Journal of King Saud University: Computer and Information Sciences (Sep 2022)
An adaptive outlier removal aided k-means clustering algorithm
Abstract
K-means is one of ten popular clustering algorithms. However, k-means performs poorly due to the presence of outliers in real datasets. Besides, a different distance metric makes a variation in data clustering accuracy. Improve the clustering accuracy of k-means is still an active topic among researchers of the data clustering community from outliers removal and distance metrics perspectives. Herein, a novel modification of the k-means algorithm is proposed based on Tukey’s rule in conjunction with a new distance metric. The standard Tukey rule is modified to remove the outliers adaptively by considering whether the data is distributed to the left, right or even to the input data's mean value.
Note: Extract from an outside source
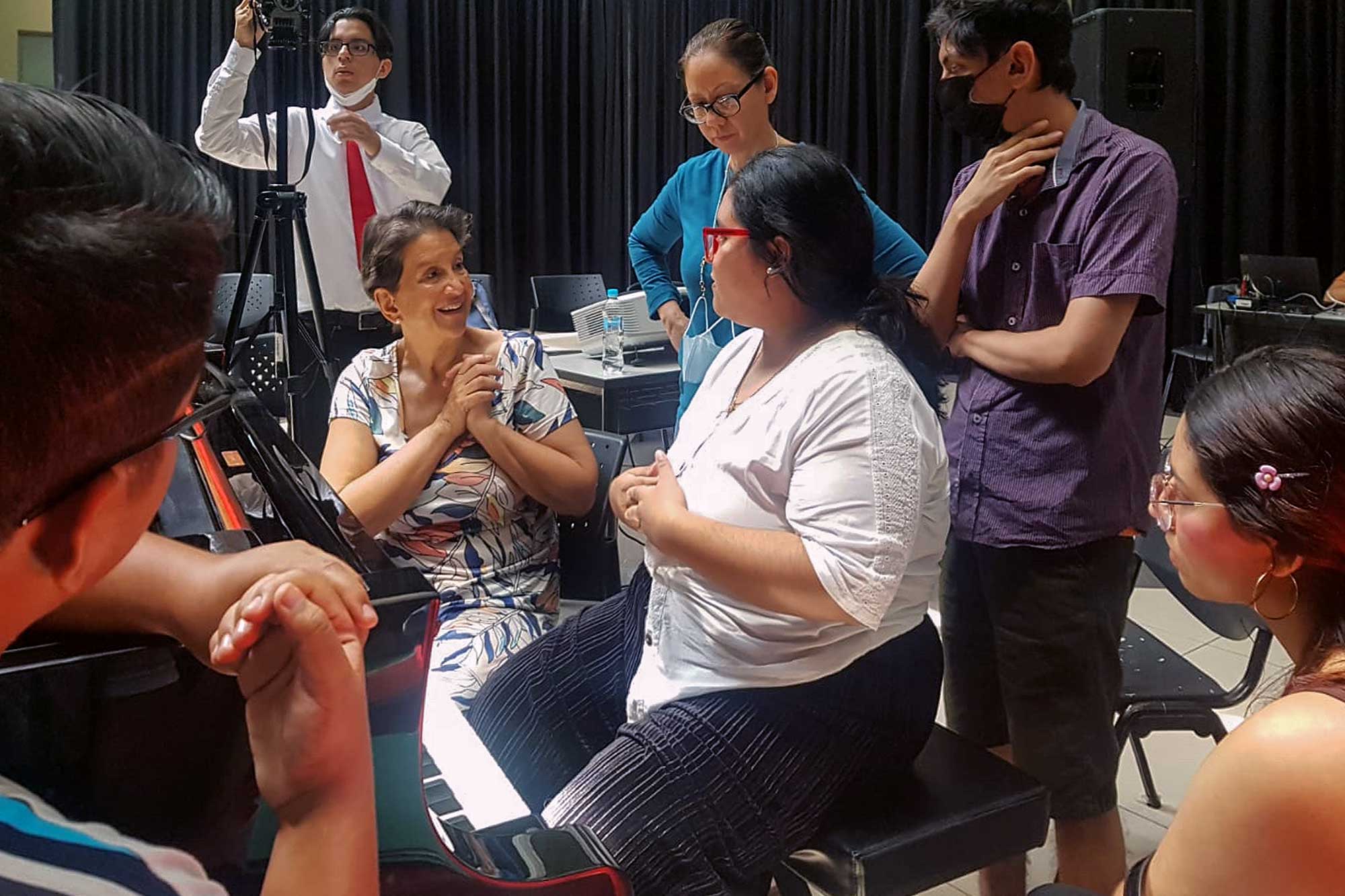 La participación de Pilar Leyva en Piano ma non solo no es reciente. Estuvo en las ediciones 2019 y 2020. Indicó estar agradecida con la UArtes por invitarla. Los ecuatorianos son un encanto, anotó la docente que reveló viajar mucho. En Bogotá imparte la cátedra de piano desde hace 20 años en la Universidad de Corpas. También trabaja de manera virtual, mucho antes de la pandemia. Sus alumnos son de diferentes países. En la imagen principal, la maestra Pilar Leyva con los estudiantes de la Escuela de Artes Sonoras: Maria Daniela Sornoza (izq.), Odalys Palacios, Ángela Izurieta y Daniel Terraces. Estuvieron también en el taller los docentes Zoila Cevallos y Miguel Gallardo.

The elimination of outliers is applied in the proposed modification of the k-means before calculating the centroids to minimize the outliers' influences. Meanwhile, a new distance metric is proposed to assign each data point to the nearest cluster. In this research, the modified k-means significantly improves the clustering accuracy and centroids convergence. Moreover, the proposed distance metric's overall performance outperforms most of the literature distance metrics. This manuscript's presented work demonstrates the significance of the proposed technique to improve the overall clustering accuracy up to 80.57% on nine standard multivariate datasets.